4.5 Comparison of KNN, LDA, Logistic, and QDA

According to $Fig. 4.10$ and $Fig. 4.11$ on p.153, when decision boundaries are linear, then the LDA and logistic regression approaches will tend to perform well. When the boundaries are moderately non-linear, QDA may give better results. Finally, for much more complicated decision boundaries, a non-parametric approach such as KNN can be superior. But the level of smoothness for a non-parametric approach must be chosen carefully.

7.2 Step Functions

We break the range of $X$ into bins, and fit a different constant in each bin. This amounts to converting a continuous variable into an ordered categorical variable.

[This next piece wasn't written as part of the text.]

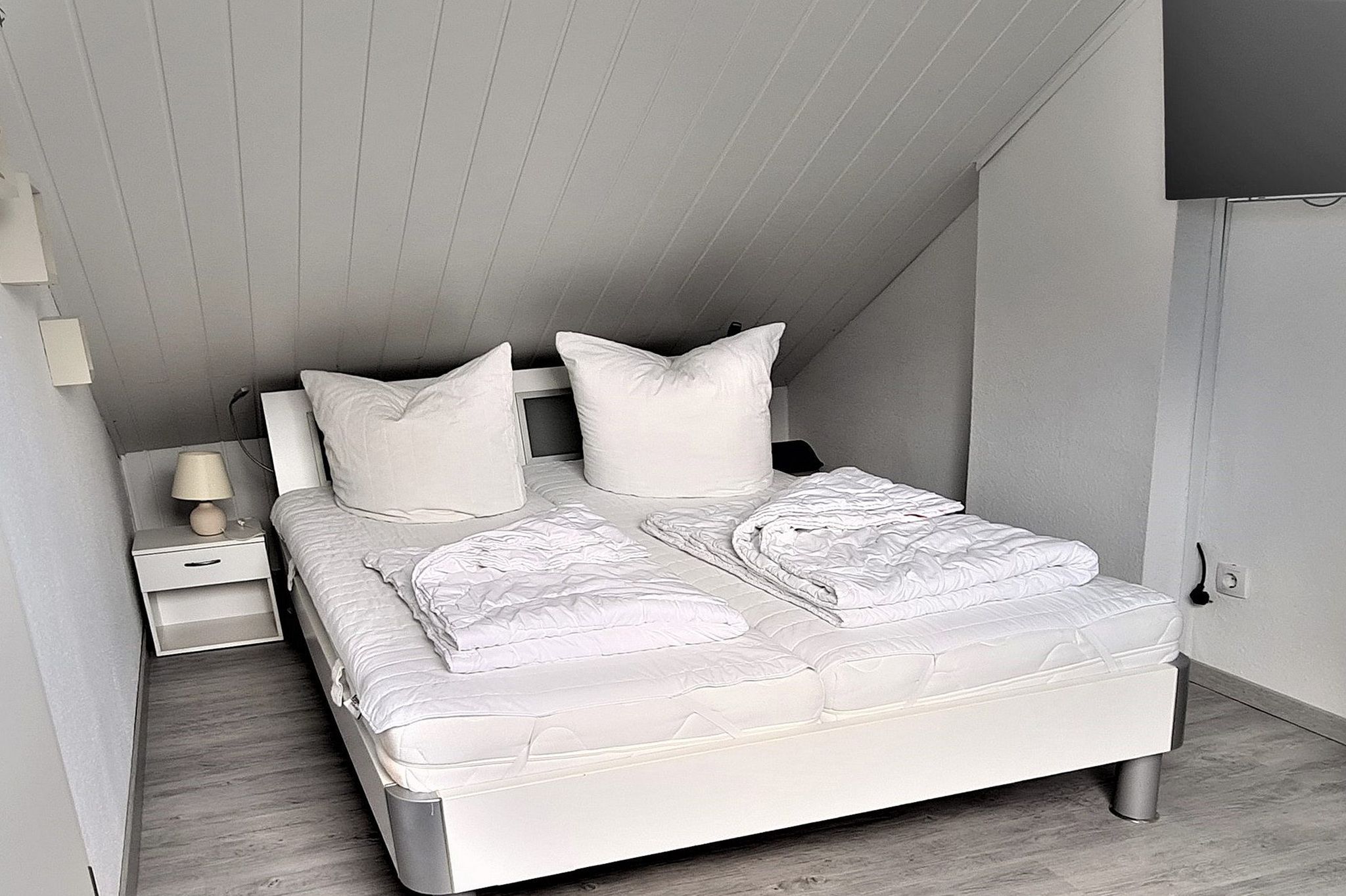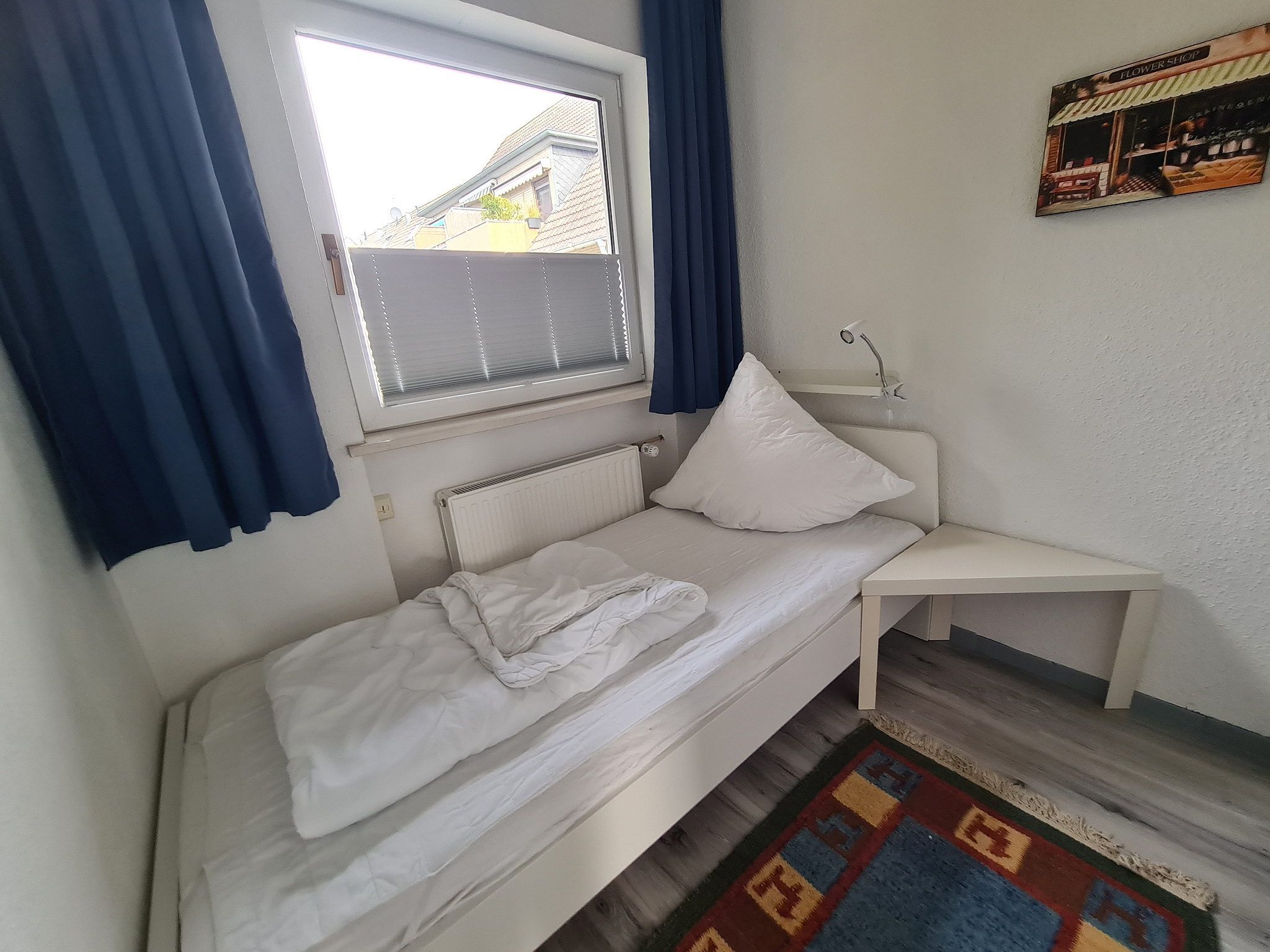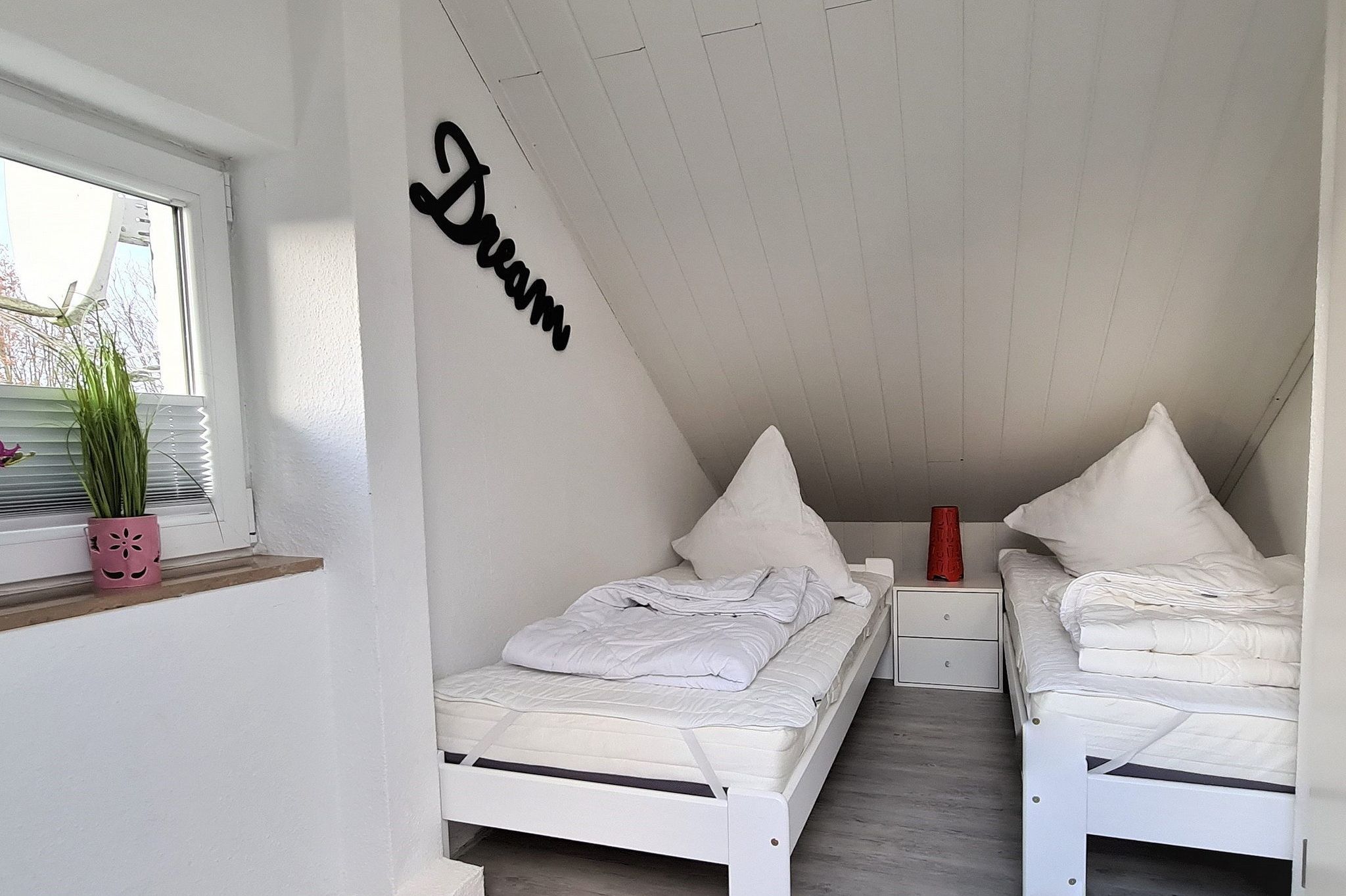 Das Schlafzimmer befindet sich im Obergeschoss und ist mit einem Doppelbett (Größe: 2x80x200cm) und einem Kleiderschrank ausgestattet. Die Fenster lassen sich mit Rollos verdunkeln. Bettwäsche und Handtücher sind mitzubringen oder anzumieten.

In greater detail, we create cutpoints $c_1, c_2, \cdots, c_K$ in the range of $X$, and then contrsuct $K+1$ new variables:

$$ C_0(X) = I(X < c_1) $$

$$ C_1(X) = I(c_1 \le X < c_2) $$

$$ C_2(X) = I(c_2 \le X < c_3) $$

$$ \vdots $$

$$ C_{K-1}(X) = I(c_{K-1} \le X < c_K) $$

$$ C_{K}(X) = I(c_{K} \le X) $$

where $I(.)$ is an indicator function that returns a 1 if the condition is true, and returns a 0 otherwise. We then use least squares to fit a linear model using $C_1(X), C_2(X), \cdots, C_K(X)$ as predictors:

$$ y_i = \beta_0 + \beta_1 C_1(x_i) + \beta_2 C_2(x_i) + \cdots + \beta_K C_K(x_i) + \epsilon_i \tag{7.5} $$

Example of the step function. The dotted lines indicate an estimated 95% confidence interval

7.4 Regression Splines

Piecewise Polynomials

It involves fittnig separate low-degree polynomials over different regions of $X$. A piecewise cubic polynomial with a single knot at a point $c$ takes the form:

$$ y_i = \left\{ \begin{array}{ll} \beta_{01} + \beta_{11}x_i + \beta_{21}x_i^2 + \beta_{31}x_i^3 + \epsilon_i \quad x_i < c; \\ \beta_{02} + \beta_{12}x_i + \beta_{22}x_i^2 + \beta_{32}x_i^3 + \epsilon_i \quad x_i \ge c \\ \end{array} \right. $$

Using more knots leads to a more flexible piecewise polynomial.

Constraints and Splines

Various piecewise polynomials. The knot is represented by a dashed line

where Top Left: The cubic polynomials are unconstrained. Top Right: The cubic polynomials are constrained to be continuous at the knot. Bottom Left: The cubic polynomials are constrained to be continuous and to have continuous first and second derivatives. Bottom Right: A linear spline is shown which is constrained to be continuous.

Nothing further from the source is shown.